United States District Court, D. Oregon
Nov 9, 2006
463 F. Supp. 2d 1186 (D. Or. 2006)

Opinion

Civil No. 06-848-KI.

November 9, 2006.

Daniel R. Barnhart, Bullard Smith Jernstedt Wilson, Portland, OR, for Plaintiff.

Paul C. Hays, Ping Tow-Woram, Carney, Buckley, Hays Marsh, Portland, OR, David A. Rosenfeld, Weinberg, Roger Rosenfeld, Alameda, CA, for Defendant.


OPINION AND ORDER


Plaintiff Fred Meyer, Inc. brings suit under the Labor Management Relations Act and Federal Arbitration Act asking the court to vacate an arbitrator's opinion interpreting the Collective Bargaining Agreement ("Agreement") between Fred Meyer and Teamsters Local 206 (the "Union").
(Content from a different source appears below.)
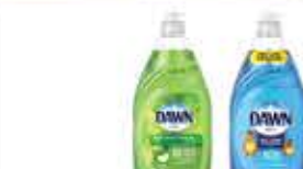
Dawn Ultra Dish Detergent Selected Varieties 16-19.4 oz. btl.

Before the court is Fred Meyer's Motion to Vacate Arbitration Award (#18) and a Motion to Confirm Arbitration Award (#6) filed by Teamsters Local 206. For the following reasons, I deny Fred Meyer's motion and grant in part and deny in part the motion filed by Teamsters Local 206.

BACKGROUND

The Agreement at issue covers employees at Fred Meyer's distribution center in Clackamas, Oregon. The circumstances leading up to the arbitration are as follows: In early January 2005, Fred Meyer alerted Union representatives that it intended to use Staffworks, an independent company, to provide employees to perform the tasks of stackdown (loading product onto trucks) and bailing (unloading from trucks returned product). Staffworks currently performs janitorial work and operates the pallet yard, where transportation pallets are stored and repaired. The newly proposed subcontract to Staffworks would not result in any layoffs of employees with seniority. Union representatives did not request the opportunity to bargain over the decision. The parties do not dispute that the subcontract did not result in any layoffs, pay losses or disruption of assignments. The Union filed a grievance.

Arbitrator Robert W. Bradford, chosen from a list of names provided by the Federal Mediation and Conciliation Service, issued a decision in favor of the Union, finding that Fred Meyer violated the Agreement when it issued a subcontract to Staffworks. The arbitrator ordered Fred Meyer to immediately return the stackdown and bailing work to the Union, post the affected positions, apply retroactive pay, benefits and seniority to the successful bidders, and reimburse the Union for any lost dues for the period in question. He retained jurisdiction for 60 days to ensure that any remedial issues were resolved. After the Union notified him that Fred Meyer had filed this action and had not fulfilled its remedial obligations, the arbitrator sent a letter to both parties, dated July 20, 2006, extending his jurisdiction over the remedial portion of his opinion until those issues were resolved.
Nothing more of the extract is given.